YabbadabberJanuary 20th 2010.

I think these are the best alternatives to the endless visits to the doctors.

AnonymousJanuary 20th 2010.

Can someone tell me why money dosn't grow on trees in my back garden

Mark19677January 20th 2010.

another test

AnonymousJanuary 25th 2010.

Please tell me this is not real! I cannot believe that people would be so irresponsible!

Smyth HarperJanuary 25th 2010.

@anon - what's irresponsible about it?
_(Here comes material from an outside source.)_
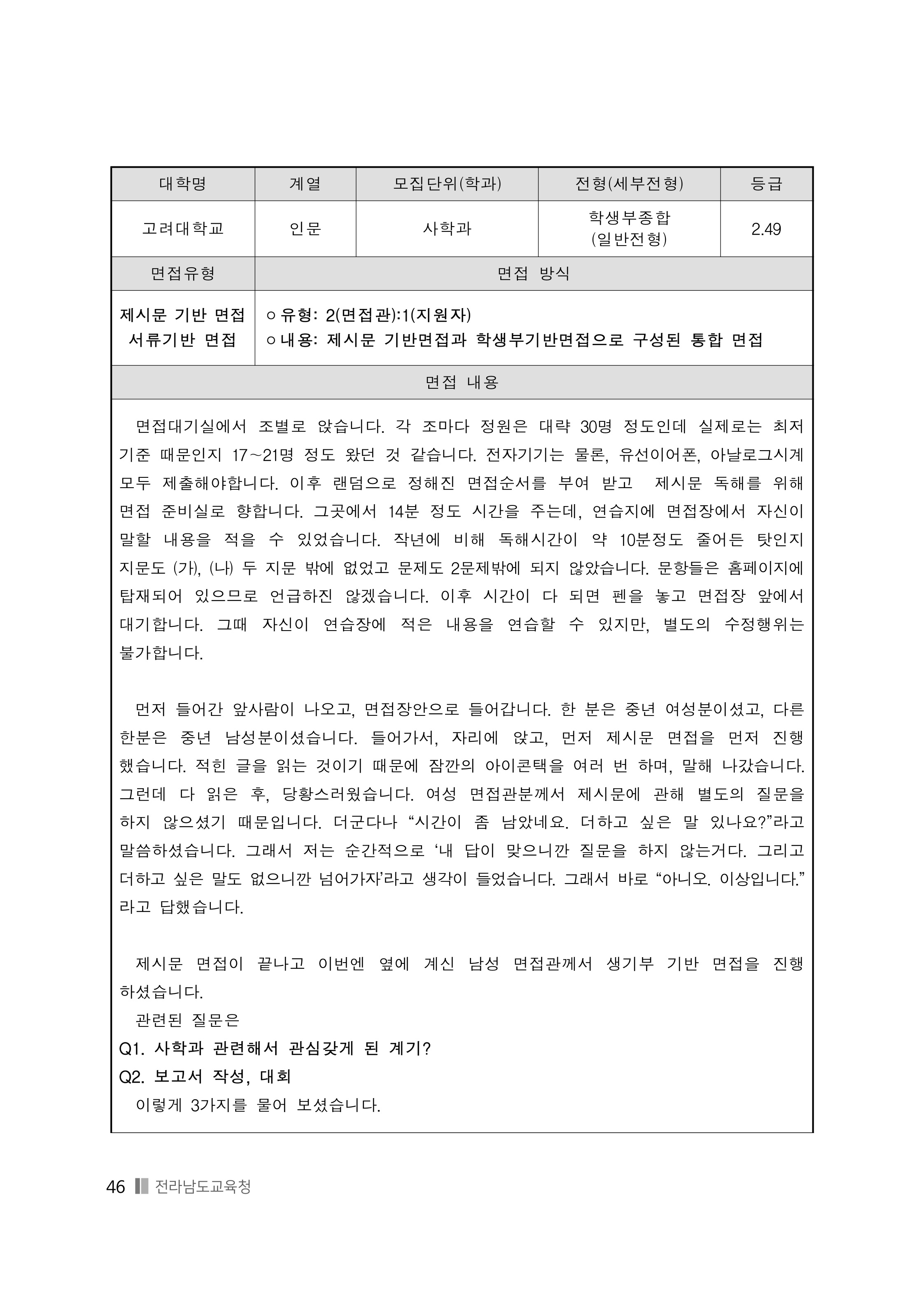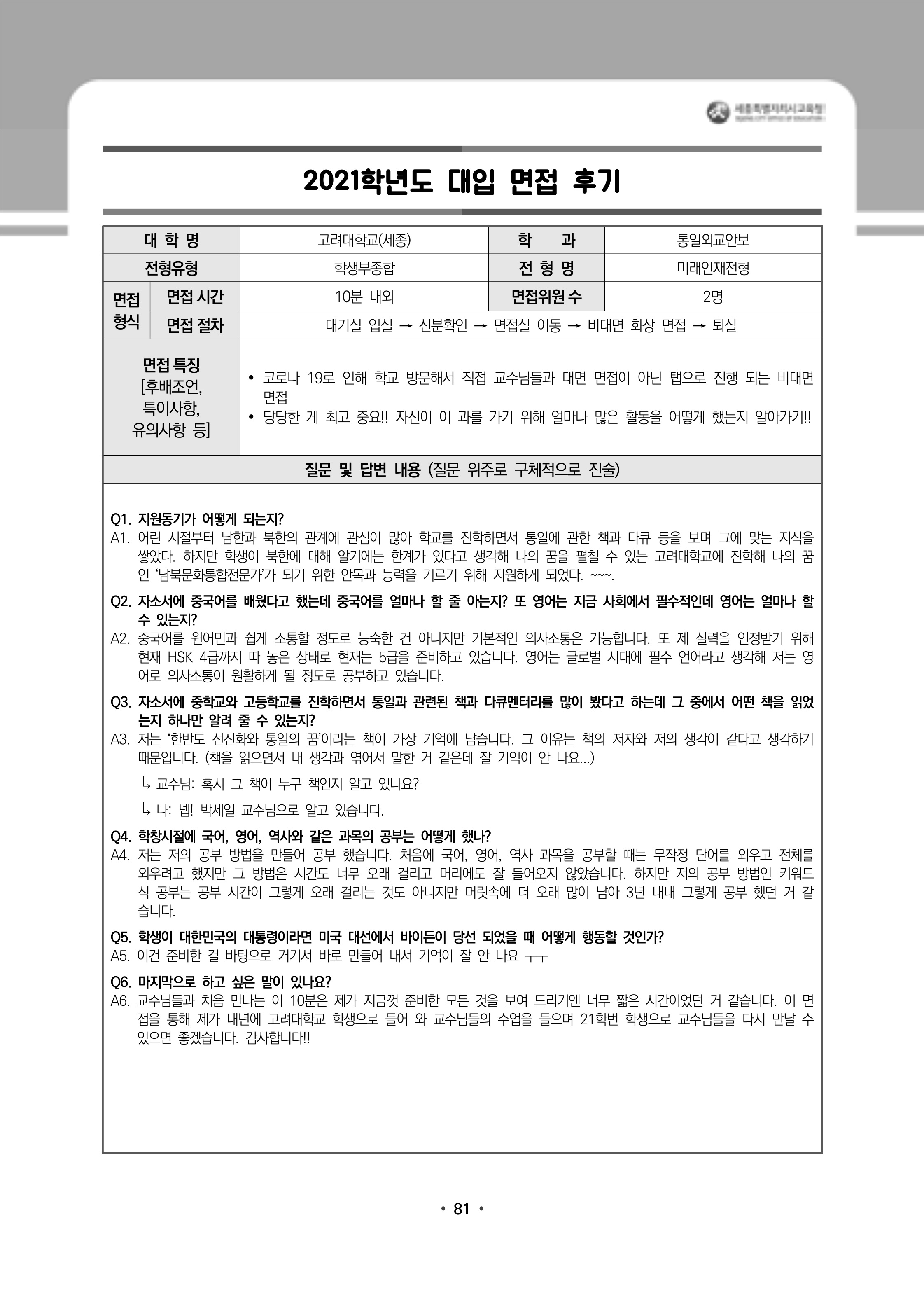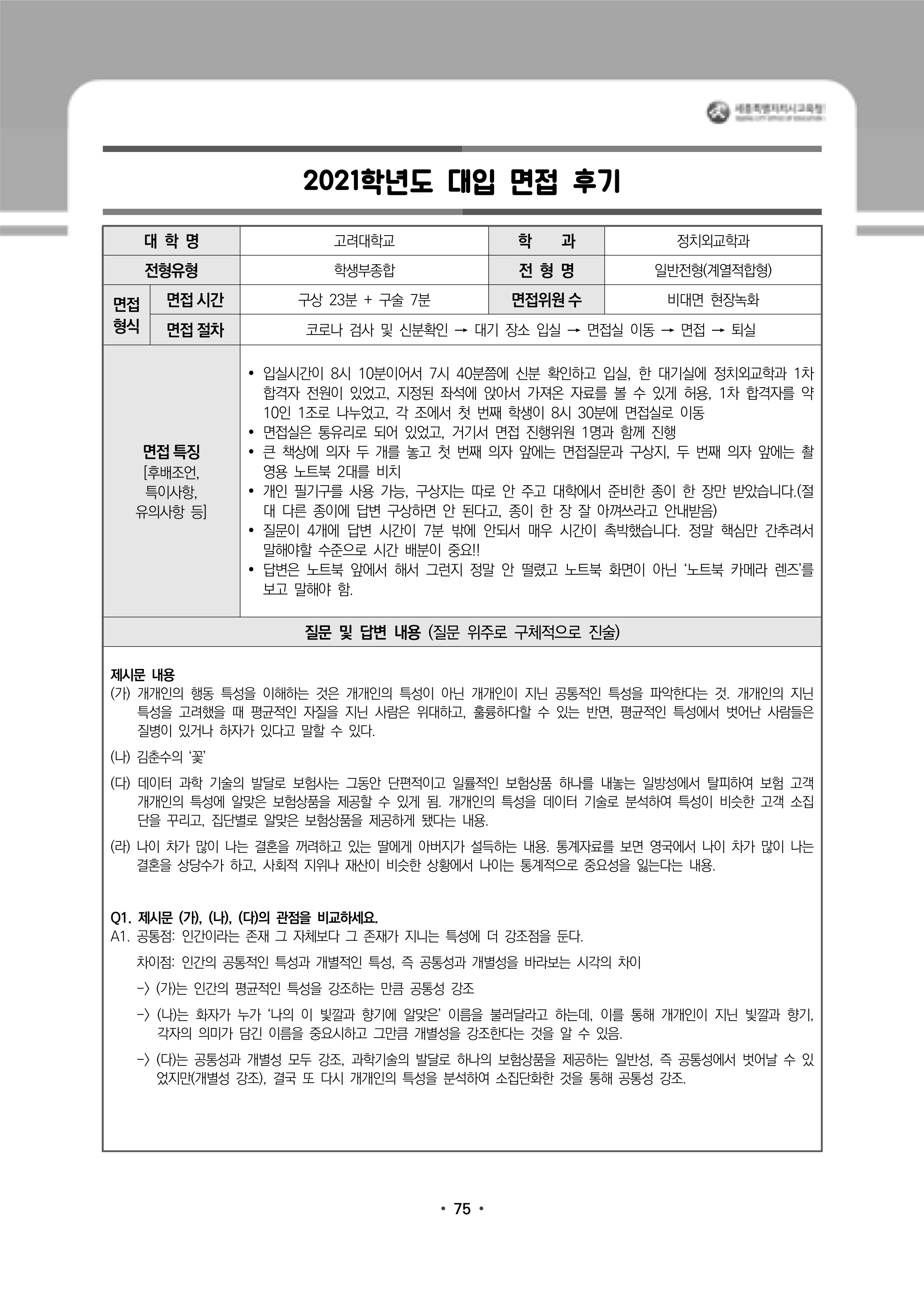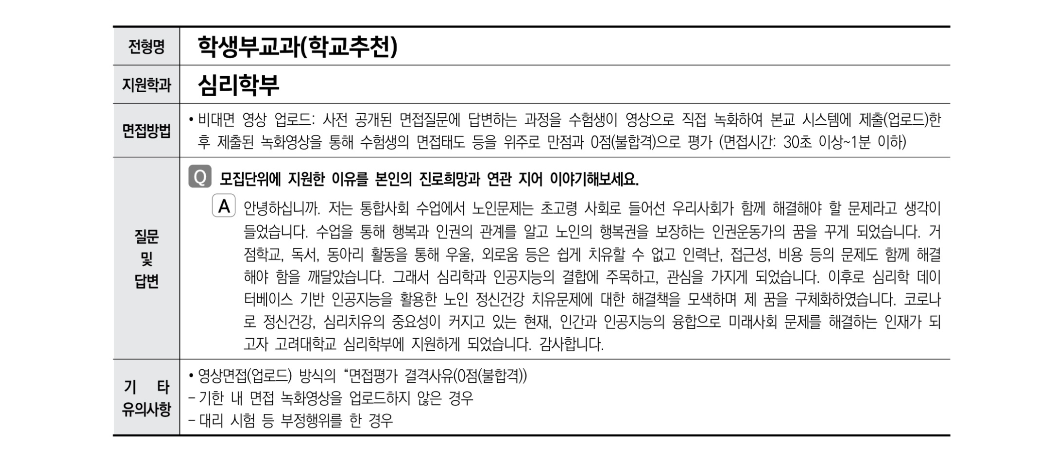 2021학년도 고려대학교 면접 후기48 - 심리학부

Homeopathic "medication" has no active ingredient therein. Hence it has about the same medical effect of eating a cadbury's button.

Robert BerryJanuary 25th 2010.

Ha, although according to the 'theory' behind homoepathic medicine (and I use that word somewhat loosely in this context!), the medicine is only effective when the supposed 'active' ingredient is there in minute quantities. So taking lots of it to overdose kind of misses the point!

Smyth HarperJanuary 25th 2010.

Indeed Rob, except that homeopathic tinctures are actually so diluted that precisely none of the original active ingredient is actually present. The "theory" goes that the vigorous shaking of the solution that the active ingredient is added to gives the solution the "memory" of that active ingredient. So it doesn't matter that that active ingredient is no longer there. It doesn't matter how much of the original tincture the skeptic drinks, as 0x100 still equals 0!

AnonymousNovember 1st 2010.

I like pain killers.

AnonymousNovember 1st 2010.

I like pain killers.

DescartesJanuary 27th 2011.

It's odd how the 'most rigorous scientific research' carried out by the drug companies that want us to buy their branded drugs tends to suggest that only their branded drugs work.

I remember reading about some Doctor claiming acupuncture was daft ,unproved, and didn't work. Completely ignoring the fact that it's been successfully used in China for oh, about 1000 years.

Most of the branded drugs mimic or synthesis compounds from nature, it's reasonably to assume that products made directly from nature would have some affect.